Would you transcribe only the lines from the one holding "140cm Dual Motor" through the end of the material, exactly, without any pictures?
━━━━━━━━━━
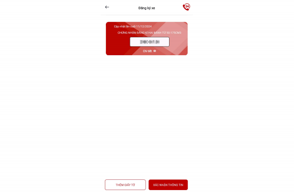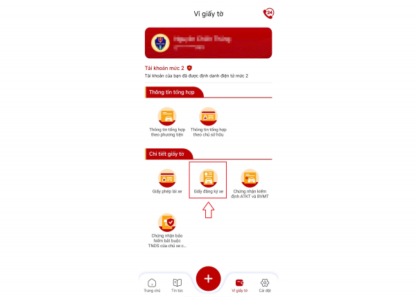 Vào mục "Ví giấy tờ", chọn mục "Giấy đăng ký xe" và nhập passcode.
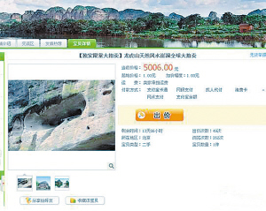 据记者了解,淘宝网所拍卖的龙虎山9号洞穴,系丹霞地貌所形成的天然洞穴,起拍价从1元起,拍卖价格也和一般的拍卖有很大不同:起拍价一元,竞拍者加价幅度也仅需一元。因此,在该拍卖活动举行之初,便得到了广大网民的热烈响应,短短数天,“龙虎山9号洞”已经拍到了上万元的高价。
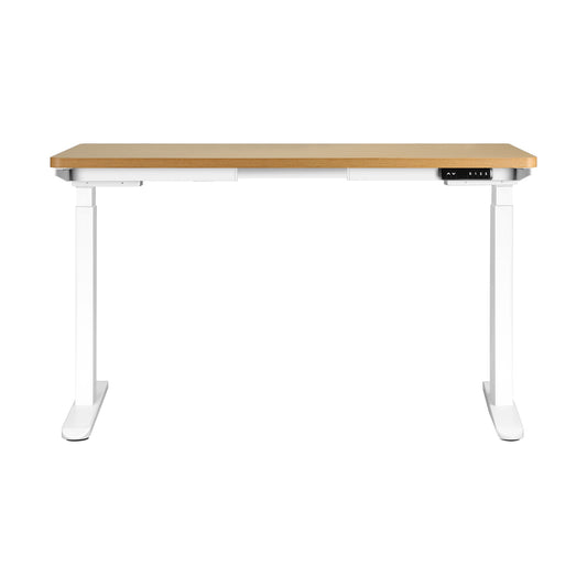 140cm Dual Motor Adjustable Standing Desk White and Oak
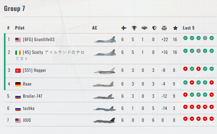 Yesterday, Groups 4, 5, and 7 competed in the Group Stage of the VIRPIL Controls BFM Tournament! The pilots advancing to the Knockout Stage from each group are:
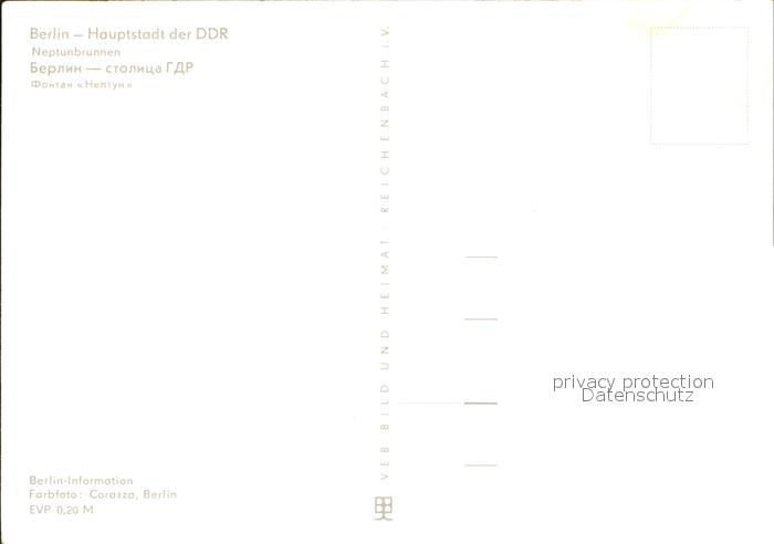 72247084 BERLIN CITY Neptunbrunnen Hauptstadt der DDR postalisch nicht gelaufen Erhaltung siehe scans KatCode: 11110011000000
━━━━━━━━━━
• [YOUR SOLUTION]:
 140cm Dual Motor Adjustable Standing Desk White and Oak
 Yesterday, Groups 4, 5, and 7 competed in the Group Stage of the VIRPIL Controls BFM Tournament! The pilots advancing to the Knockout Stage from each group are:
 72247084 BERLIN CITY Neptunbrunnen Hauptstadt der DDR postalisch nicht gelaufen Erhaltung siehe scans KatCode: 11110011000000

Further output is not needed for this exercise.